The Kingdom of Upper Burgundy was a Frankish dominion established in 888 by the Welf king Rudolph I of Burgundy on the territory of former Middle Francia. It grew out of the Carolingian margraviate of Transjurane Burgundy (Transjurania, Template:Lang-fr) southeast of ('beyond') the Jura Mountains together with the adjacent County of Burgundy (Franche-Comté) in the northwest. The adjective 'upper' refers to its location further up the Rhône river, as distinct from Lower Burgundy (Cisjurane Burgundy and Provence) and also from the Duchy of Burgundy west of the Saône river. Upper Burgundy was reunited with the Kingdom of Lower Burgundy in 933, and eventually merged into the Imperial Kingdom of Arles (Arelat).

History

Transjurania originally was a duchy of the Carolingian Empire, covering the Central Plateau from the Jura Mountains up to the Great St Bernard Pass in the Western Alps. It thereby roughly corresponded to western Switzerland, i.e. the parts west of the Brünig-Napf-Reuss line, including the Romandy with the cities of Geneva, Lausanne and Sion, as well as the cantons of Aargau, Berne and Valais and adjacent parts of the French départements Haute-Savoie and Ain, as well as the Aosta Valley which today belongs to Italy. Together with the Burgundian comital estates around Besançon and Dole on the Doubs river northwest of the Jura range, the Transjurane territories became part of the short-lived Middle Frankish realm of Emperor Lothair I upon the 843 partition by the Treaty of Verdun.

Kingdom of Lotharingia

855 partition of Prüm
  Kingdom of Lotharingia with Upper Burgundy, 855

Upon the second partition by the Treaty of Prüm and Emperor Lothair's death in 855, his second son Lothair II subsumed his portion of Upper Burgundy into his Middle Frankish kingdom of Lotharingia, while his younger brother Charles received Cisjurane Burgundy and the Kingdom of Provence. When Charles died in 863, Lothair II also gained some northern districts of the deceased's kingdom.
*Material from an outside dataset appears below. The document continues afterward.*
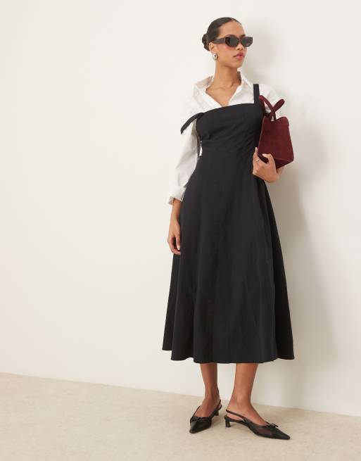 Abercrombie & Fitch - Uitlopende midi jurk met vierkante hals en panelen in zwart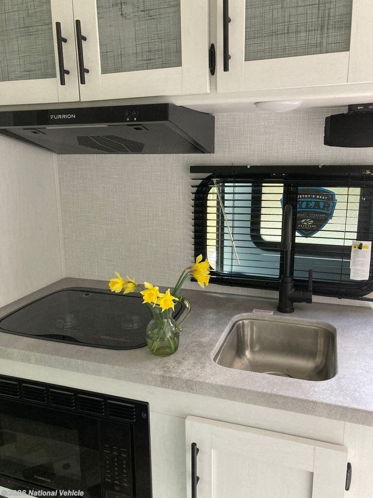 The fully equipped kitchen includes a cooktop, microwave, refrigerator, and stainless-steel sink, allowing you to prepare meals wherever your travels take you. Ample cabinetry and storage compartments ensure you have room for all your camping essentials.

The Provence territory in the south passed to the eldest brother King Louis II of Italy.

The Transjurane duchy was then ruled by Hucbert, a scion of the Bosonid dynasty, the younger son of Count Boso the Elder of Arles, and through his sister Teutberga brother-in-law to King Lothair II. Hucbert, however, fell out of favour after Lothair II divorced Teutberga, was defeated at the Battle of Orbe in 864 and replaced by Count Conrad II of Auxerre from the Elder House of Welf (Rudolfings), who from 866 ruled Transjurania as a margrave. When Lothair II died without heirs in 869, his Lotharingian realm was divided into a West and East Frankish part between his uncles Charles the Bald and Louis the German by the 870 Treaty of Meerssen.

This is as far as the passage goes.